Image: The Vertex 70 Attenuated Total Reflectance Fourier Transform Infrared (ATR-FTIR) spectrophotometer (Photo courtesy of the University of Guelph).
Diabetes mellitus (DM) is a metabolic disorder characterized by hyperglycemia which results from insufficient secretion and/or reduced insulin action in peripheral tissues. Frequent monitoring of diabetes is essential for improved glucose control and to delay clinical complications related with diabetes.

Saliva reflects several physiological functions of the body. Salivary biomarkers might be an attractive alternative to blood for early detection, and for monitoring systemic diseases and among the advantages, saliva is simple to collect, non-invasive, convenient to store and, compared to blood, requires less handling during clinical procedures.

An international team of scientists led by those at the Federal University of Uberlandia (Uberlandia, Brazil) used a scientific system known as Attenuated Total Reflectance Fourier Transform Infrared (ATR-FTIR) spectroscopy. The team utilized the Vertex 70 ATR-FTIR spectrophotometer (Bruker Optics, Reinstetten, Germany) using a micro-attenuated total reflectance (ATR) component, to evaluate saliva of non-diabetic (ND), diabetic (D) and insulin-treated diabetic (D+I) rats to identify potential salivary biomarkers related to glucose monitoring.

The scientists reported that the spectrum of saliva of ND, D and D+I rats displayed several unique vibrational modes and from these, two vibrational modes were pre-validated as potential diagnostic biomarkers by ROC curve analysis with significant correlation with glycemia. Compared to the ND and D+I rats, classification of D rats was achieved with a sensitivity of 100%, and an average specificity of 93.3% and 100% using bands 1452 cm-1 and 836 cm-1, respectively. Moreover, 1452 cm-1 and 836 cm-1 spectral bands proved to be robust spectral biomarkers and highly correlated with glycemia.

Robinson Sabino-Silva, PhD, an adjunct professor and senior author of the study. “The present protocol used in the infrared platform is able to detect spectral biomarkers without reagents. The combination of a non-invasive salivary collection and a reagent-free analysis permit us to monitor diabetes with a sustainable platform classified as green technology.”

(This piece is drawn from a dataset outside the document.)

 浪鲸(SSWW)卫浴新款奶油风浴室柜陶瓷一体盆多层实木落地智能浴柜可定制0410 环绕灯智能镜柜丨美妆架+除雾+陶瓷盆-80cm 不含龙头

Matthew Baker, PhD, a Reader at Strathclyde University (Glasgow, UK) and a co-author of the study, said, “Frequent monitoring of diabetes is essential for improved glucose control and to delay clinical complications related to the condition. Early screening is also paramount in reducing these complications worldwide.”

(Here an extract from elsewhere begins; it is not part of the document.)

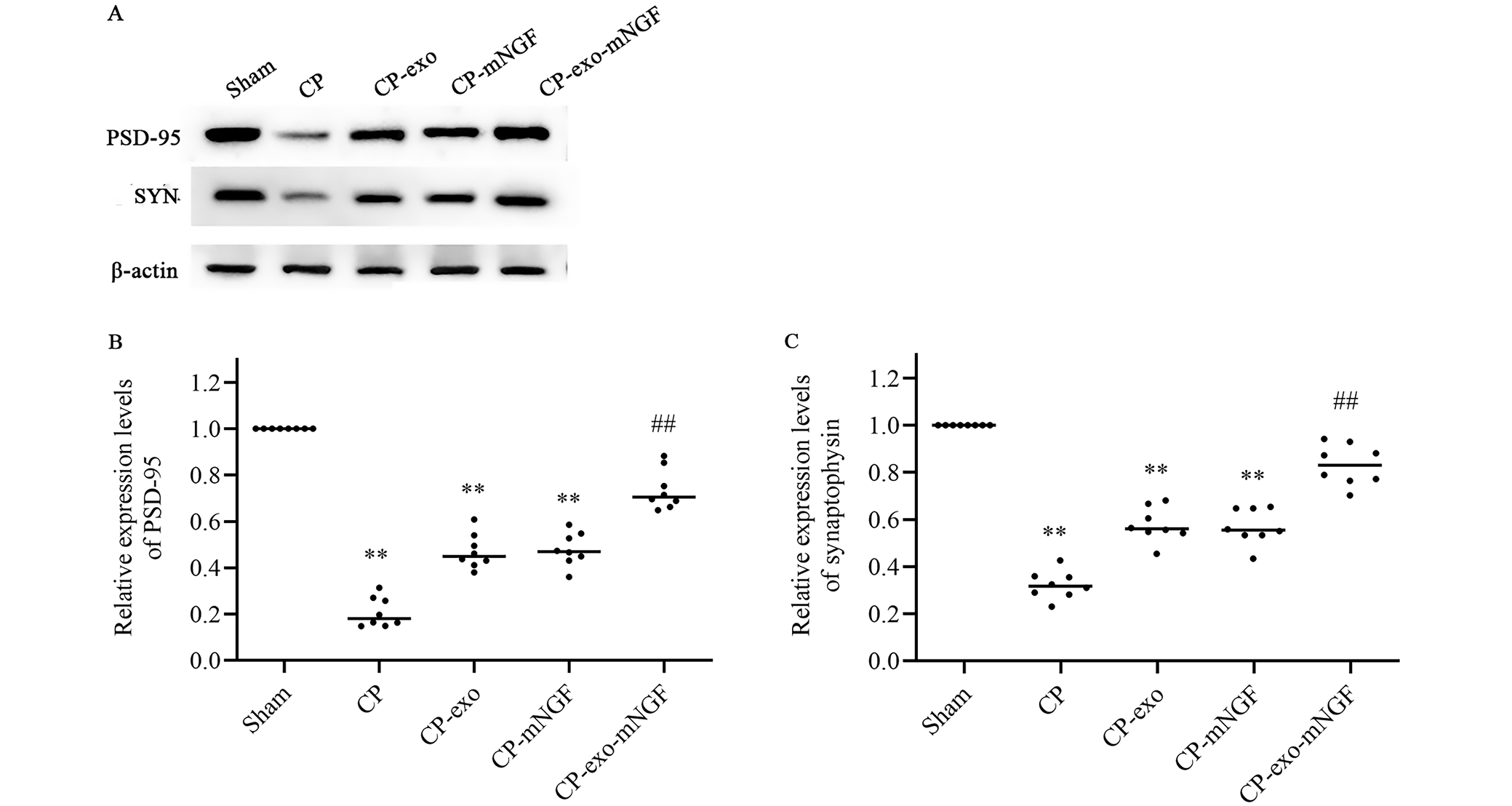 Materials and methods. Exosomes were isolated from hUC-MSCs and examined using transmission electron microscopy (TEM), particle size and western blot (WB). A total of 38 BALB/c mice (male, postnatal day 6 (PND6)) were randomly divided into 5 groups: sham group, CP group, CP-exo group, CP-mNGF group, and CP-exo-mNGF group. Hypoxic induction after unilateral common carotid artery ligation combined with lipopolysaccharide (LPS) infection was used to construct the CP model. Pathological damage to neuron tissue and synaptic structures in the hippocampus was confirmed using light microscopy after hematoxylin–eosin (H&E) staining and TEM, respectively. Survival of neurons was evaluated using Nissl staining. Western blot was applied to monitor PSD-95 and synaptophysin (SYN) protein levels.

The authors concluded that these salivary results indicate that ATR-FTIR spectroscopy coupled with univariate or multivariate chemometric analysis has the potential to provide a novel noninvasive approach to diabetes monitoring assisting medical decision making to avoid under-treatment or over-treatment with insulin. The study was published on March 17, 2020 in the journal PLOS ONE.